■ **Required action**:
Your output should be everything below from the line containing "Cartões salve a" down to the line containing "Once you enter", both ends included, copied exactly, with pictures left out.
===
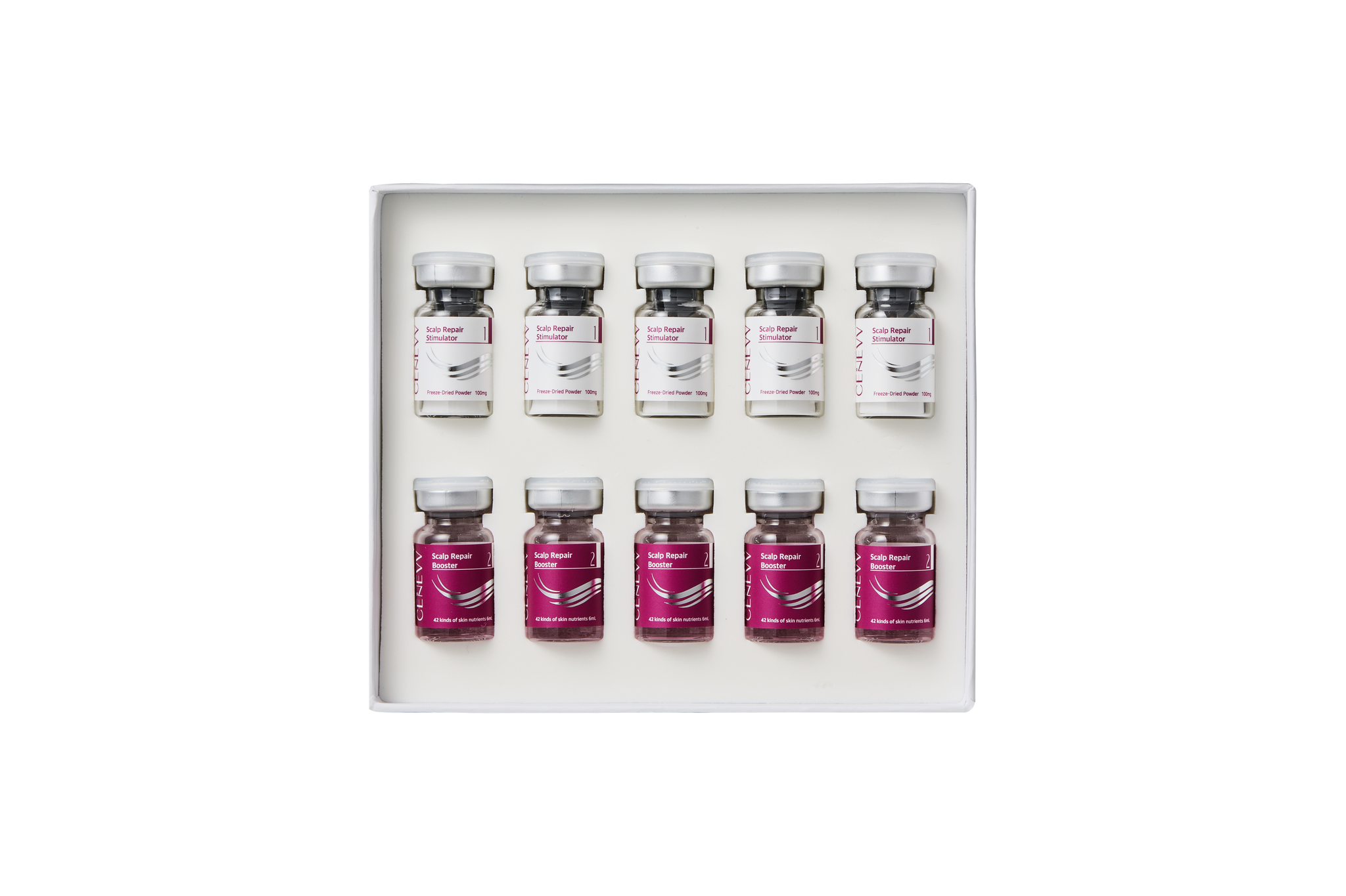 CENEVV Scalp revolution Repair - The new era of Scalp regeneration. This dual vial program revitalises your scalp from the inside out, awakening stronger, healthier hair growth.
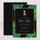 Cartões salve a data de abacaxi tropical em preto e ouro, parte da nossa coleção de papelaria de abacaxi tropical. Apresentando folhas tropicais de cor aquosa em fundo com sotaques falsos de folha de ouro.
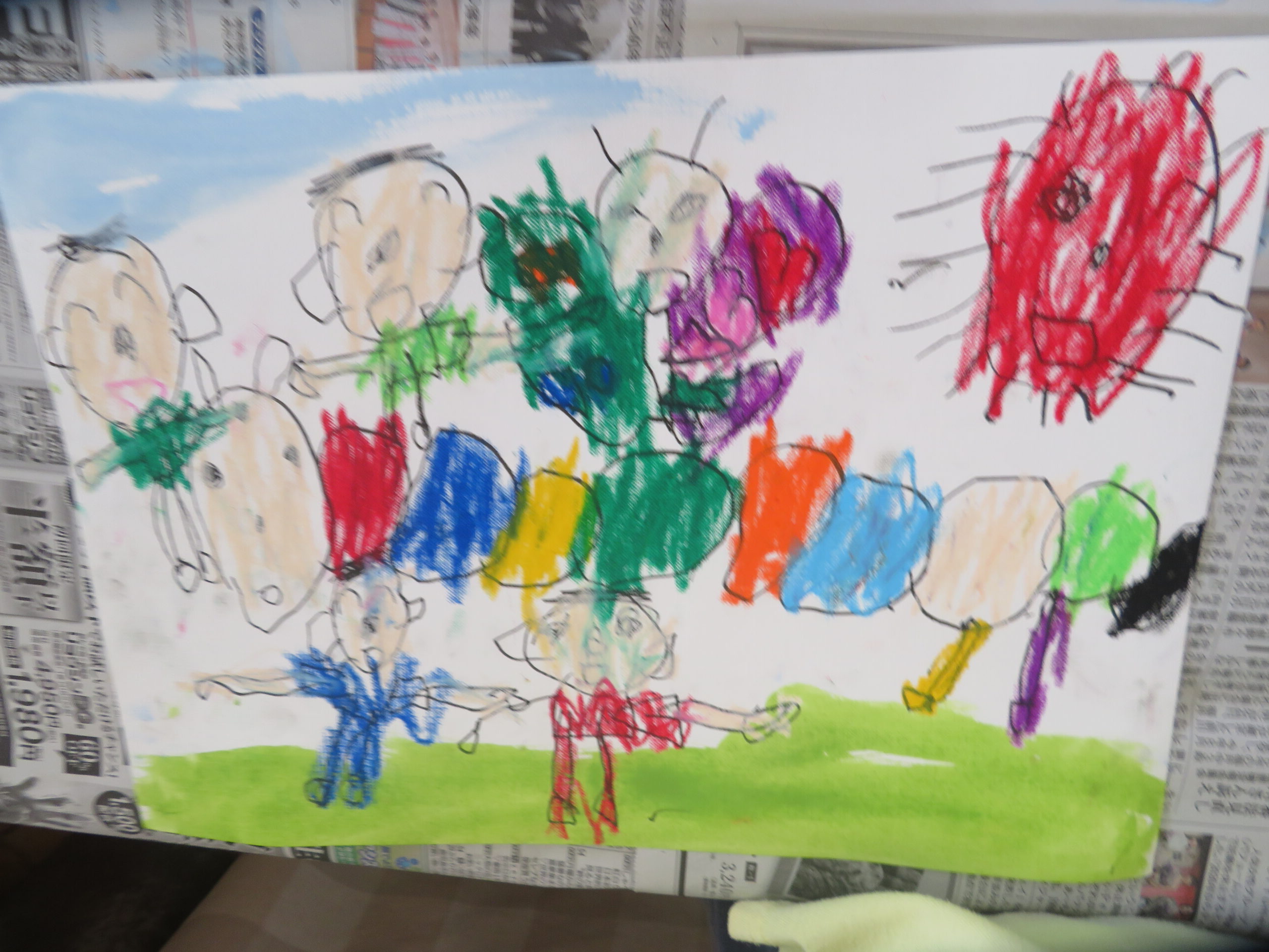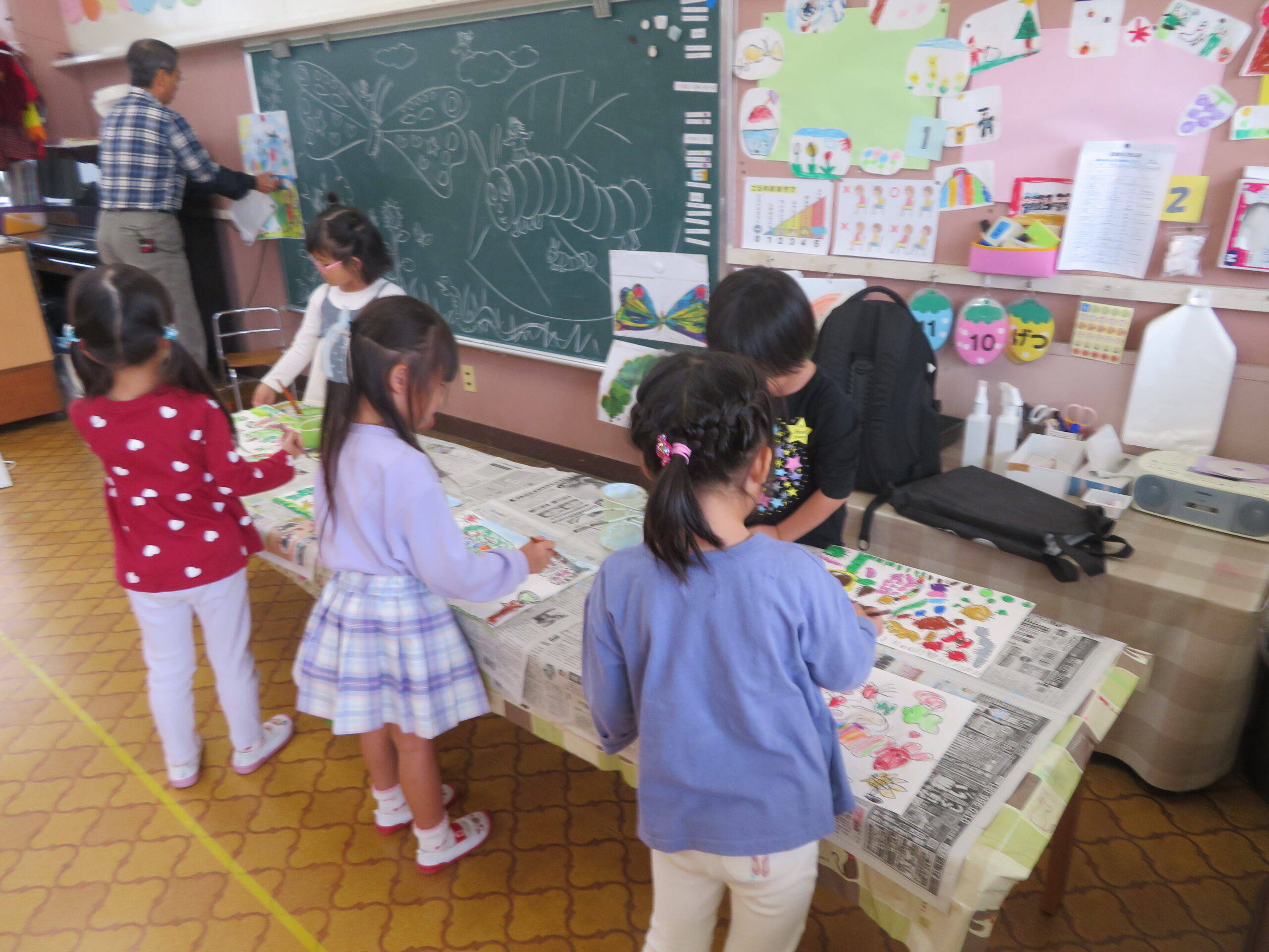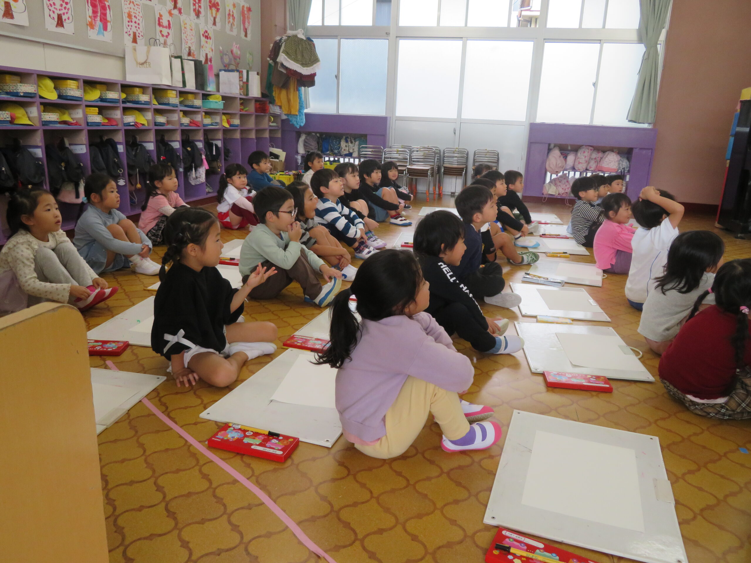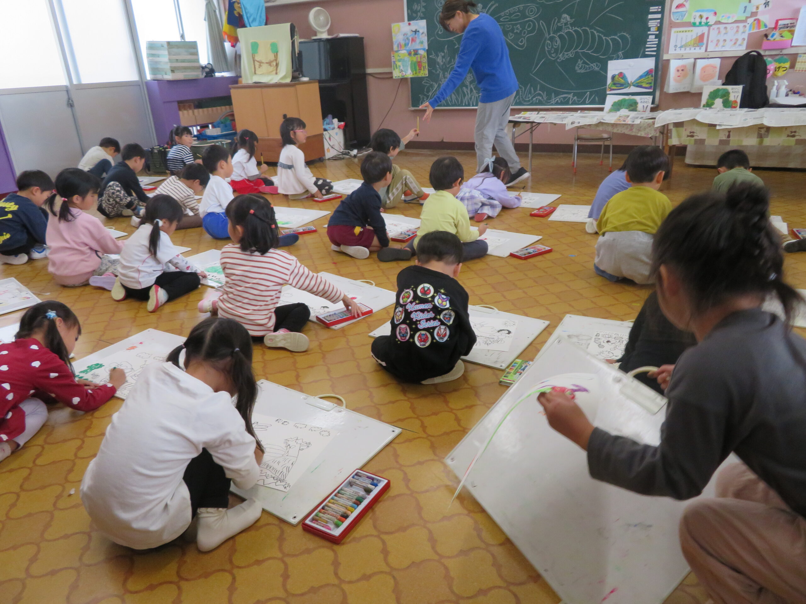第85回全国教育美術展鹿児島県地区審査に応募しました。おめでとうございます。その中で次の子どもたちが入選し、全国審査に応募します。特選 年長 太田陽翔、年中 川崎葵斗 、入選 年長 上谷洸太、福田智也、中山 尚、年中 七田ちづる、内村羽桜 。写真は、今日の年中さんの絵画指導の様子です。
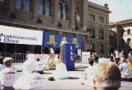 是日,圣加仑弟子遇见一位瑞士老者,他用德语与一瑞士弟子作了长时间的交谈。从谈话中得知,他对中国的历史和文化及法轮功都非常感兴趣,也了解一些法轮功的情况,还能说几句中国话。他握着法轮功弟子的手用中国话说:“我爱法轮功!”我们为这位有缘人感到高兴。
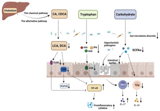 BAs are synthesized from cholesterol in hepatocytes, and there are two main synthetic pathways, namely the classical pathway mediated by CYP7A1 and the alternative pathway mediated by CYP27A1, that generate primary BAs, such as CA and CDCA. Primary BAs are stored in the gallbladder and are subsequently secreted in the gut after conjugation to glycine or taurine. They can be transformed into secondary BAs under the action of the gut microbiota [89]. Secondary BAs, such as LCA and DCA, act as high-affinity ligands for TGR5 and FXR, the activation of which exerts immunomodulatory and anti-inflammatory effects [90]. Generally, there is a balance between primary BAs and secondary Bas, but the balance can be broken by gut microbiota dysbiosis, which causes increased primary BAs and decreased secondary BAs, inducing a state of inflammation in the colon (Figure 3).
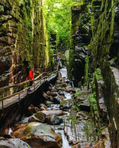 Once you enter the gorge, you’ll walk down to the Flume Covered Bridge and past the main gorge. You’ll head up some steps and come across the beautiful Avalanche Falls toward the end of the boardwalk. Stop and bask in the glory of the falls and make sure to bring your camera.
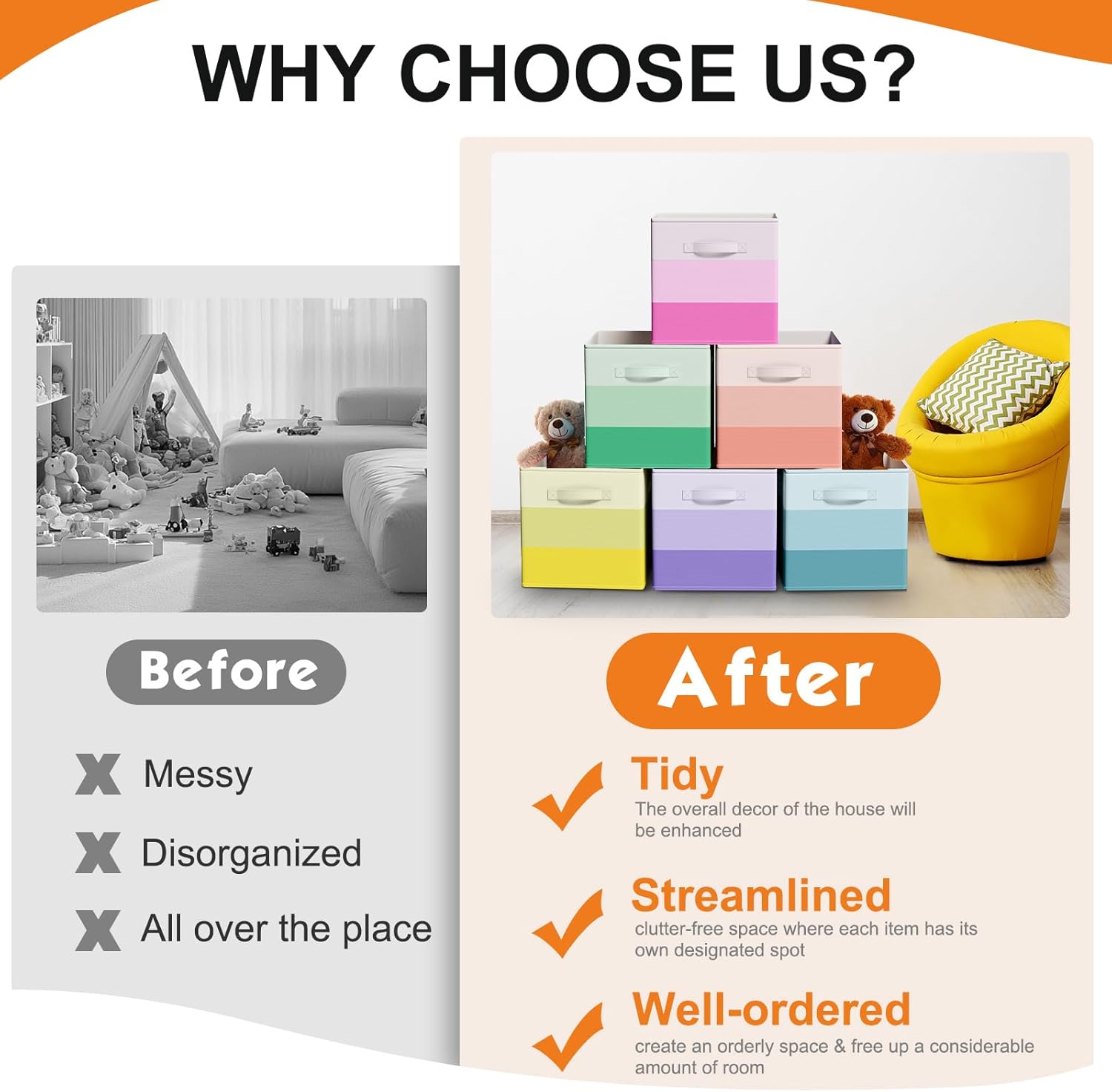• Gradient tones: Elevate your organization with a touch of gradient perfection. Our set of 6 gradient-colored fabric storage cubes comes in an array of delightful hues: sky blue, rose pink, yellow, pink, lavender purple, and turquoise green. Each bin measures 10½"L x 10½"W x 11"H, perfectly sized to slot into your existing shelves or cabinets, adding a splash of color while keeping your space tidy
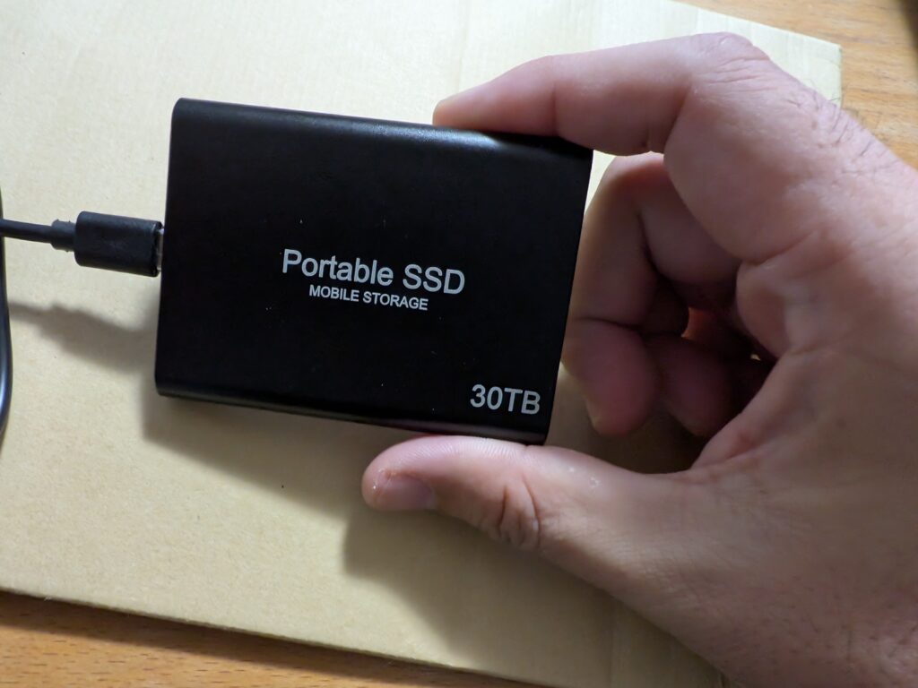 30TB外付けSSDを謳うAmazonの詐欺商品を検証
===
■ **Expected answer**:
 Cartões salve a data de abacaxi tropical em preto e ouro, parte da nossa coleção de papelaria de abacaxi tropical. Apresentando folhas tropicais de cor aquosa em fundo com sotaques falsos de folha de ouro.
第85回全国教育美術展鹿児島県地区審査に応募しました。おめでとうございます。その中で次の子どもたちが入選し、全国審査に応募します。特選 年長 太田陽翔、年中 川崎葵斗 、入選 年長 上谷洸太、福田智也、中山 尚、年中 七田ちづる、内村羽桜 。写真は、今日の年中さんの絵画指導の様子です。
 是日,圣加仑弟子遇见一位瑞士老者,他用德语与一瑞士弟子作了长时间的交谈。从谈话中得知,他对中国的历史和文化及法轮功都非常感兴趣,也了解一些法轮功的情况,还能说几句中国话。他握着法轮功弟子的手用中国话说:“我爱法轮功!”我们为这位有缘人感到高兴。
 BAs are synthesized from cholesterol in hepatocytes, and there are two main synthetic pathways, namely the classical pathway mediated by CYP7A1 and the alternative pathway mediated by CYP27A1, that generate primary BAs, such as CA and CDCA. Primary BAs are stored in the gallbladder and are subsequently secreted in the gut after conjugation to glycine or taurine. They can be transformed into secondary BAs under the action of the gut microbiota [89]. Secondary BAs, such as LCA and DCA, act as high-affinity ligands for TGR5 and FXR, the activation of which exerts immunomodulatory and anti-inflammatory effects [90]. Generally, there is a balance between primary BAs and secondary Bas, but the balance can be broken by gut microbiota dysbiosis, which causes increased primary BAs and decreased secondary BAs, inducing a state of inflammation in the colon (Figure 3).
 Once you enter the gorge, you’ll walk down to the Flume Covered Bridge and past the main gorge. You’ll head up some steps and come across the beautiful Avalanche Falls toward the end of the boardwalk. Stop and bask in the glory of the falls and make sure to bring your camera.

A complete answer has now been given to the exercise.